In the midst of these dramatically different depictions of the future of work—a robot apocalypse versus humanity unleashed—many seek to understand what is different from other periods of great technological advances, where do they fit in, and how can they navigate this landscape without signposts so they can continue to work. For all the hype and headlines about the future of work, guidance on how people can find their way is in short supply. My aim is to provide that guidance.
Innovation and experimentation will continue to be lifelines as we transition to a very different world.
We Have Choices
While portions of many jobs will change, and some jobs will likely be eliminated entirely, many more jobs will evolve. When agricultural processes were mechanized in the nineteenth century, some farmworkers lost their jobs, but they ultimately earned more money working in factories. The automation of industrial production displaced factory workers in the twentieth century but they moved into service jobs. What we tend to forget is that rising productivity creates new jobs. Indeed, technological innovation has historically delivered more jobs, not fewer. And the new jobs often required more skills and paid higher wages.
As an economist and business consultant who has spent the past decade immersed in the issues surrounding the future of work, I have explored the topic with innovative thinkers and business leaders wrestling with the opportunities and challenges presented by this changing landscape. I spent half of the past decade based in New York and half in Delhi and Mumbai, working across India and Asia. I have advised companies and government agencies grappling with the mysteries that lie ahead. And I continue to bear witness each day to the dramatic changes taking place at the forefront of some of the largest and most successful businesses in the United States and around the world.

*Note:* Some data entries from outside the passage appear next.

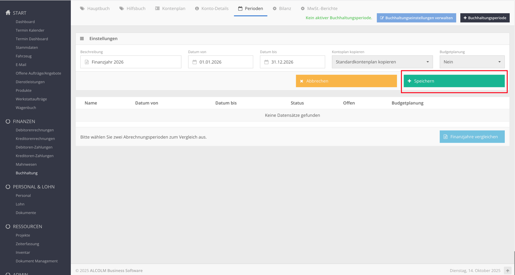 Klicken Sie auf Speichern, um das Finanzjahr zu erstellen.
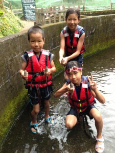 曇り空ですから水温18度の川で泳ぐと寒いです。
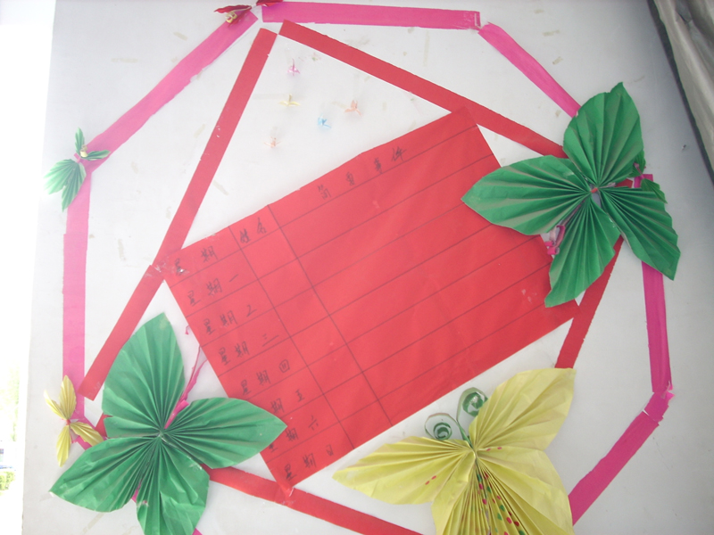 一个个活泼的小精灵将自己的家装饰成一个温馨而美丽的仙境,但更为出众的是在墙壁上还贴着一幅幅绚丽多彩的图画。那是这小精灵的聪明才智,心灵手巧造就而成。还有那用纸折叠的飞鸟,满载着她们自己心中的梦想,那一幢幢房屋、一桌桌佳肴。
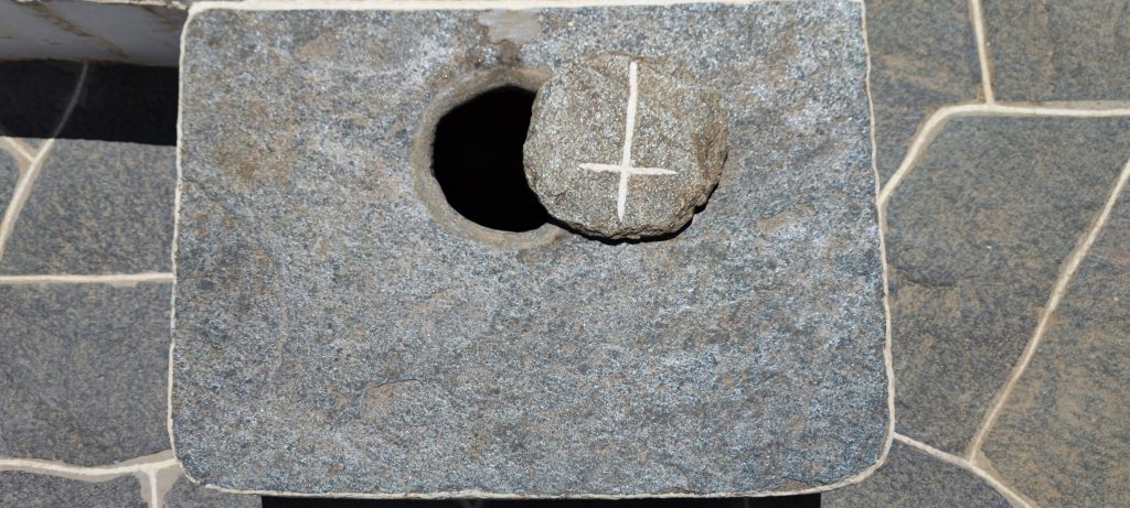 Ici la petite église dont je ne sais pas écrire le nom, qui est en contrebas de la belle mais close. Au moment d’en sortir, nous sommes intrigués par une pierre plate taillée en rond et posée sur ce qui ressemble à un banc. C’est en fait un puit d’eau fraîche ! On en a vu également dans d’autres églises depuis.
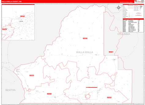 Walla Walla County, WA Zip Code Wall Map Red Line Style by MarketMAPS
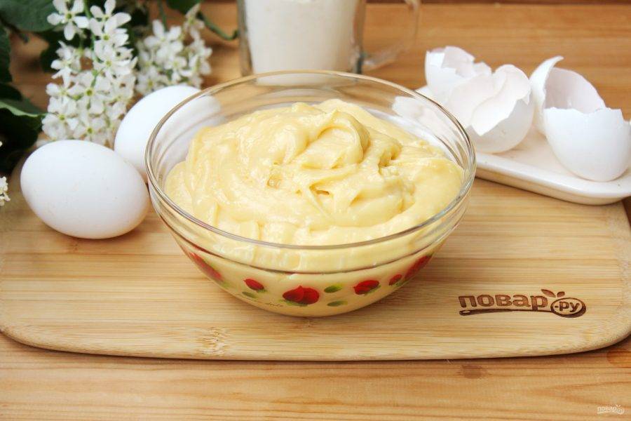 Заварное тесто должно быть без комочков, немного тянущимся.
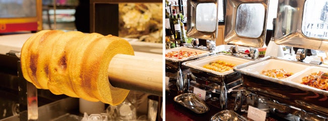 ライブキッチンでは目の前でローストビーフを切り分け、パスタをパルミジャーノレッジャーノで仕上げ、焼きたてのバウムクーヘンもご提供!
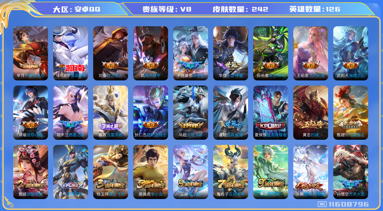 [11608796]V8 1典藏 1珍品传说 18传说 126英雄 242皮肤 典藏英雄武则天 可修改实名 优质装备:大秦宣太后,怪盗基德,绛天战甲(鸡嘴战神),一念神魔,云霓雀翎,末日机甲-孙尚香(绿蚂蚱),海洋之心,音你心动-周瑜,乞巧织情,时之恋人-刘备(电焊工),超时空战士-狄仁杰,无双飞将,燃星之曲,画中仙,玄雷天君 珍宝阁皮:妄想食味,胡桃夹子 限定皮:愿照·千秋盛(女娲年限),逐霄战戟,映山客,陌上桑,鸣野蒿,傲雪梅枪,遇见飞天,齐天大圣,匿光决锋者,五谷丰年,游园惊梦,烈魂,李小龙,朱雀志(守约年限),女儿国国王 史诗皮:赞萌露比,撼地雄心,破空之剑,百相守梦-百里守约,遇见神鹿,紫霞仙子,电玩小子(小书包),特工魅影,浮梦罗烟,魅语,无限星赏官,冰冠公主,青蛇,偶像歌手,晚萤,暗夜猫娘,百相守梦(关羽),猫狗日记-孙策,猫狗日记-大乔,时之恋人-孙尚香,节奏热浪,修罗,女仆咖啡,摇滚巨星,水果甜心,天才门将,星夜王子,心灵骇客,功夫厨神,德古拉伯爵,暗隐猎兽者,幽灵船长,鬼剑武藏,心灵战警,地狱岩魂,纤云弄巧,缤纷独角兽,乘风破浪,逐浪之夏,龙鼓争鸣,月团寄思,热力回旋,箭羽风息,唤灵魅影,金属风暴,圣诞狂欢,鹰眼统帅,王者之锤,暗夜贵公子,魅力维加斯,黎明之约,奇遇舞章,天秀·音浪,无心,未来纪元-赵云,玫瑰异探
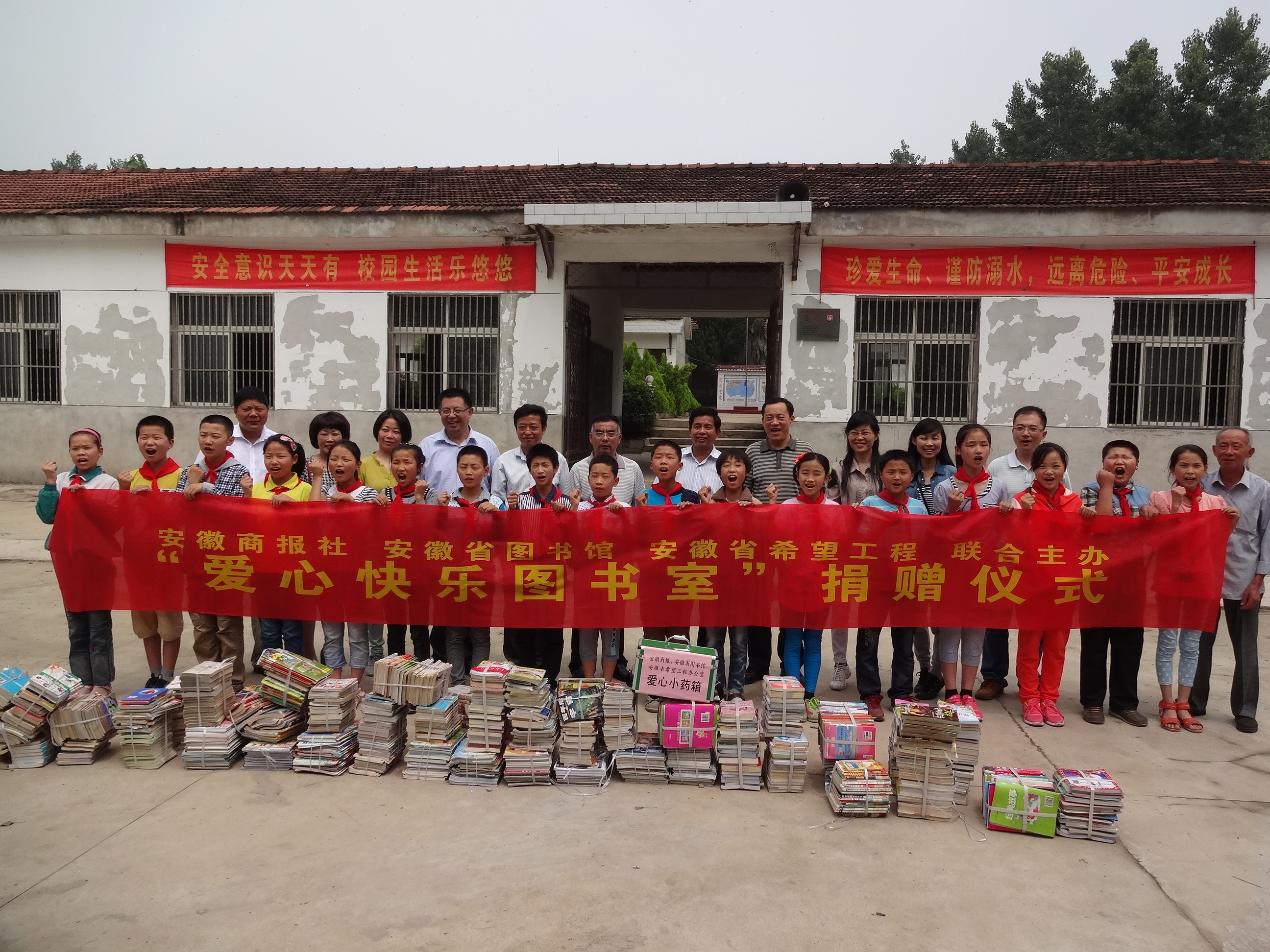 上图为2014年6月17日上午,省图书馆、安徽商报社捐建我乡健康小学“爱心快乐图书室”现场。

This book offers guidance to individuals, business leaders, and institutions so they can make smart choices. Organizations are poised to shape what ultimately becomes the future of work, as individual workers face broad options regarding how and where they work, as well as the skills and capabilities they want to gain to secure their livelihood. While we appear to welcome consumer technologies in our personal lives—we have managed to master more than 10 versions of smartphones (Apple and Android) since they were introduced in 2007 and 2008, respectively—we are more uncomfortable with tech innovations that will ultimately transform in profound and meaningful ways our work, who does the work, and where work is done.21
Individuals are searching for ways to continue to contribute their skills, procure value, and have an impact in the marketplace. Employers are facing important choices about whether to use advances in technology to drive efficiency and reduce costs or to explore how to harness technology to reshape jobs in ways that yield more value and meaning. Citizens, educators, and policy makers face a call to reconsider how we prepare and train people for the changing workplace and what paths are available to individuals to gain new skills throughout longer lives with multiple chapters of career reinvention.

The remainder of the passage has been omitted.